Most of your body cells contain 23 pairs of chromosomes – 46 chromosomes in all – which are faithfully copied when the cell divides by mitosis. The pairing of chromosomes makes cells diploid, containing the entire DNA genome.
Exception: Male sperm cells and female egg cells, collectively known as gametes, are produced by a special kind of cell division called meiosis, resulting in haploid gametes – each containing 23 unpaired chromosomes representing just half the genome.
During fertilization, the haploid gametes merge to form a diploid zygote, restoring a full complement of 46 chromosomes from which the embryo develops.

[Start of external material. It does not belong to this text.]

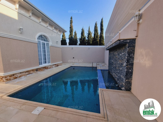 Xezer rayonu Merdekan qesebesinde "Ibo" market yaxinliginda villalarin oldugu elit bir mehellede 5 sot torpaq sahesinde insa edilmis 1 mertebeli 4 otaqli 170 kv,m bag evi satilir. 1 qonaq otagi,3 yataq otagi,1 metbex,2 s/q movcuddur. Heyetinde filterli hovuz,manqalxana,besedka,terras,qazanxana,dekorativ agaclar,isiqlandirma sistemi,distansiyon darvazasi ve s/q var. Su,qaz,isiq daimdir.

You might be confusing ordinary somatic DNA with mitochondrial DNA. While a sperm has barely enough mitochondria to power its flagellum, the egg cell (ovum) is loaded with mitochondria throughout its abundant cytoplasm. Hence the zygote inherits almost all its mitochondrial DNA from its mother, and mitochondrial DNA is passed on almost exclusively mother-to-daughter. This enables a parallel line of genetic descent distinct from ordinary inheritance, serving as an independent tool for genetic research.
As for two sperm and one enucleated ovum (with its nucleus removed, normally a step in cloning) all resulting in a normal zygote, is pretty far-fetched as far as I know. There’s a whole complex sequence of cytoplasmic and nuclear events that must occur, so it’s doubtful anything would result.